Karanam Dharmasri (born 1969) is an Indian politician from Andhra Pradesh. He was a two time MLA from Chodavaram Assembly constituency in the erstwhile Visakhapatnam district.

== Early life and education ==
Dharmasri hails from an agricultural family. His father Visvanadham is a farmer. After completing his graduation in Arts in 1989, he did B.Ed. in 1993. In between, he did his Bachelor of Law from Andhra University and passed out in 1992. He married Venkata Vijayalaxmi. In June 2022, he was selected for a government teacher post, 24 years after he attended an interview because of legal delays in appointments.

== Career ==
Dharmasri was elected to the Andhra Pradesh Legislative Assembly in 2004 from Madugula representing Indian National Congress. Later, he lost the 2009 election from Chodavaram on a Congress ticket and 2014 election by a narrow margin of 909 votes, on YSRCP ticket. He won the 2019 Andhra Pradesh Legislative Assembly Election on YSRCP ticket from Chodavaram constituency in the erstwhile Visakhapatnam district and present Anakapalli district. He defeated Kalidindi Surya Naga Sanyasi Raju of Telugu Desam Party by a huge margin of 27,637 votes.

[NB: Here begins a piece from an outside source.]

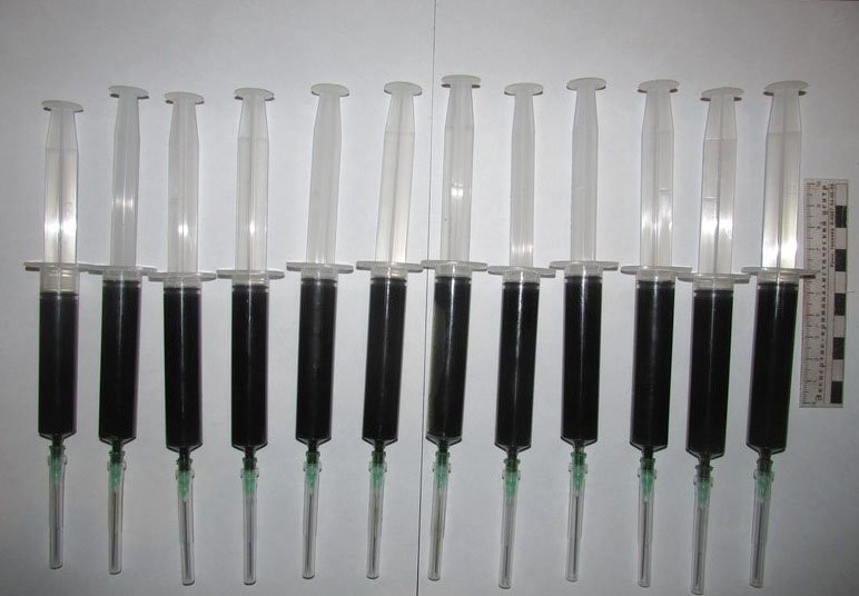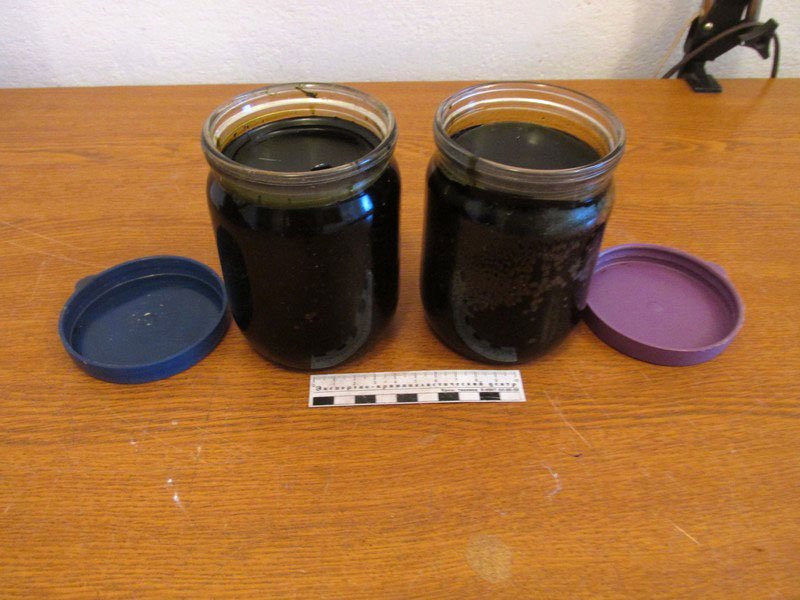 В доме задержанного прошел обыск. В кухне на нижней полке стола хранились 12 медицинских шприцев, а также две стеклянные банки емкостью 500 миллилитров и 257 миллилитров, наполненные гашишным маслом. В общей сложности оперативники изъяли 1 килограмм 520 граммов гашишного масла.
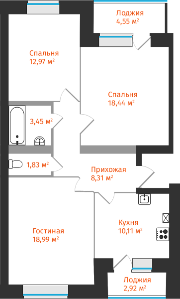 Новая 3-комнатная квартира в ЖК Норские резиденции на 1 этаже площадью 77.84 м² в 4 подъезде номер 33

He was appointed government whip in July 2022. Later, in October 2022, he resigned as MLA citing support to the three-city capitals which is being opposed by TDP. However, after some deliberations, he was nominated again by YSR Congress party to contest the 2024 Andhra Pradesh Legislative Assembly election from Chodavaram. But he lost the Chodavaram seat to his old foe, Sanyasi Raju of TDP by a margin of 42,189 votes.